One of the crazy thing is managers don’t want information, they want happiness. I will be very happy to deliver in eight months and somehow that becomes the estimate, I don’t even care if they call it the deadline or the goal, one of our goals is delivering by the end of the year. Ok, it’s not really a goal, it’s a constraint, but it could be one of your goals, but don’t call it the estimate, the goal is eight and a half months, the current estimate it’s going to take us twelve and we are going to have to perform above our norm to make it, it’s not impossible, but don’t bet the farm. Now that’s rational adult behavior. And we start to work and we see if we’re tending towards twelve or eight and a half and we report as we go, none of this epiphany in the shower at the 90% done point, that’s nonsense, we have to stop that.

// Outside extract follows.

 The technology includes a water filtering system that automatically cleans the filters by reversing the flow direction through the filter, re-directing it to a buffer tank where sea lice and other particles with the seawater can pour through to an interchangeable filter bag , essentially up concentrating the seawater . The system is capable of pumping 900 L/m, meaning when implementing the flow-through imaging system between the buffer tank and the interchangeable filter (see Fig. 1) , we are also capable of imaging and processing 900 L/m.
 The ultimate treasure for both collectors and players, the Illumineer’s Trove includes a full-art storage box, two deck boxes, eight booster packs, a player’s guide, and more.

Shane: 90% done and there is still 90% to do.
Yes, exactly.
Shane: Another thing you mentioned you’ve been working in and involved in lately is organizational change.

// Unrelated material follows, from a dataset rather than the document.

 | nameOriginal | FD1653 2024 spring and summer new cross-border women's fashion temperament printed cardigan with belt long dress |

Yes, the world is changing a lot as we all know, we’re getting white hairs and the thing that I notice and Tom and I were talking about the other day was in the last ten years the distribution now is amazing. You go twenty years ago it was odd duck that you found a project that wasn’t in one site and then you started to see, maybe in bigger companies, there would be a group of ten doing one part of the system and a group of other doing another, that kind of things and now you have “virtual teams”, six people in six locations or small clusters and an organization has to change shape depending on how you’re doing this. So, right now I am working with a not-for-profit where basically their systems folks who are in different locations serving different customers. So, for instance, a typical developer would be working with one company, one client, full time, and now because of the distribution and everything else they’re saying “no, we can’t dedicate a resource on one side to one of our customers, we need to be much more fluid in using our human expertise, our skills”. You and I have the same thing, we hate resources as a term [for people], so we want to able to be in a liquid state with our staff, if we need five people, we are going to select the best five people who are available no matter where they are and we are going to use them for this project and when they are done they are basically, probably, at least some of them, disband and reconfigure. So, they are looking for that dynamic, once you start pulling that string, it’s a very different world, when you are working in an organization where in a sense they are saying it only marginally matters where you are physically on this planet as against you’re in this site, serving this customer, 100% of the time. So, shifting that company and getting people to understand what is that like is a very emotional thing. I mean people, many developers, feel more a part of their customer than a part of the computing center and that’s a big shift and I see that a lot. It comes in many flavors, but the world in the last ten months, people talk about, it’s not just “we’ve got two sites in London”, it’s “we’ve got a site in Indonesia, a site in Turkey, a site in Silicon Valley”, that kind of thing.
Shane: Tim, that was really interesting, great to catch up with you.
Great to see you.
Shane: Thank you so much for coming along to QCon and for talking to us today.
It’s been a delight to be here, trust me; when you’re looking out at Westminster Abbey and Big Ben right in the heart of London at QCon, life is pretty darn good.